* _WORK REQUIRED_:
Beginning with the line that contains "Приветствую всех, кто" and ending with the line that contains "Utilize estas cordas", reproduce the lines of the entries below exactly, omitting pictures.

* _INPUT FOR THIS TASK_:
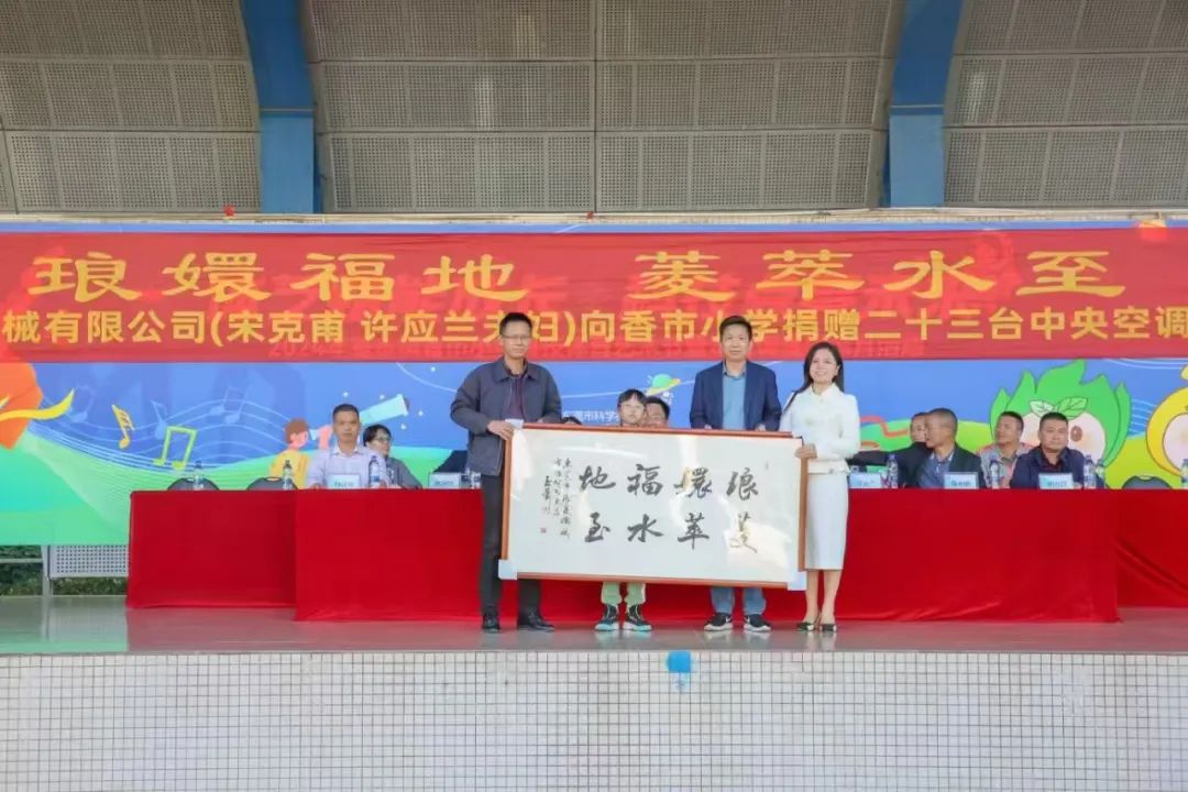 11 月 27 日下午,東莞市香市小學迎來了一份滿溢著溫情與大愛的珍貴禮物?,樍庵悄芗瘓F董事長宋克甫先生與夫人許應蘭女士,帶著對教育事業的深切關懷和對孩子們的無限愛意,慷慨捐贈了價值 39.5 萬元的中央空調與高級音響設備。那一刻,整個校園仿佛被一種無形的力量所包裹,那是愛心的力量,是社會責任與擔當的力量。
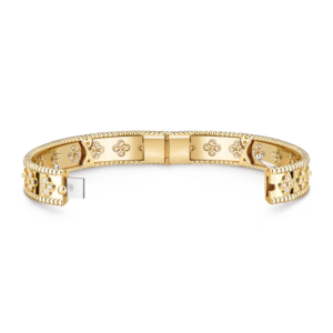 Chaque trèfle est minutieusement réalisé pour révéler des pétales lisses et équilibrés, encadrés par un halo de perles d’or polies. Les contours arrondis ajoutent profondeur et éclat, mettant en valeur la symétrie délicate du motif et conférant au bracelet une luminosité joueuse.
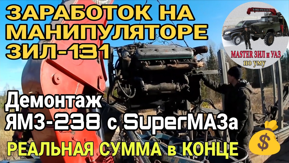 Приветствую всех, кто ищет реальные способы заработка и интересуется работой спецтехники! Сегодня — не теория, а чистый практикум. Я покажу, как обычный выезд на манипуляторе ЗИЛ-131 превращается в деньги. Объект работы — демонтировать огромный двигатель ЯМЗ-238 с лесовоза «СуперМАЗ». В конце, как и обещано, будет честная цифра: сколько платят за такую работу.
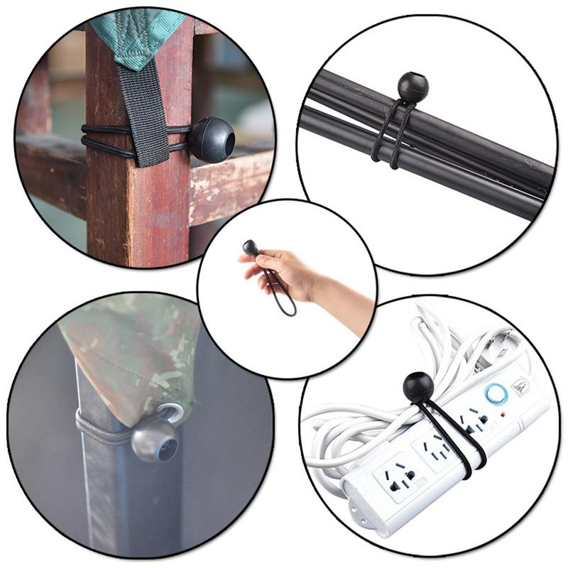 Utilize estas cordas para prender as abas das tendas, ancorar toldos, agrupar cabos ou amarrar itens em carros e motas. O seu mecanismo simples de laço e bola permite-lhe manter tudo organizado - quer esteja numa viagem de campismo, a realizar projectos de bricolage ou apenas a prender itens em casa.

* * *

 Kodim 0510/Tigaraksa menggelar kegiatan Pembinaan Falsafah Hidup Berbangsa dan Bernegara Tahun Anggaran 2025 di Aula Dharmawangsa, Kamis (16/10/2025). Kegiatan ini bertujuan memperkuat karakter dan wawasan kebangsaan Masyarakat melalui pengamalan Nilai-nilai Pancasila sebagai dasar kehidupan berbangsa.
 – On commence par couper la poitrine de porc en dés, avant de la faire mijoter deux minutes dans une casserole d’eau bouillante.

* _SOLUTION_:
 Приветствую всех, кто ищет реальные способы заработка и интересуется работой спецтехники! Сегодня — не теория, а чистый практикум. Я покажу, как обычный выезд на манипуляторе ЗИЛ-131 превращается в деньги. Объект работы — демонтировать огромный двигатель ЯМЗ-238 с лесовоза «СуперМАЗ». В конце, как и обещано, будет честная цифра: сколько платят за такую работу.
 Utilize estas cordas para prender as abas das tendas, ancorar toldos, agrupar cabos ou amarrar itens em carros e motas. O seu mecanismo simples de laço e bola permite-lhe manter tudo organizado - quer esteja numa viagem de campismo, a realizar projectos de bricolage ou apenas a prender itens em casa.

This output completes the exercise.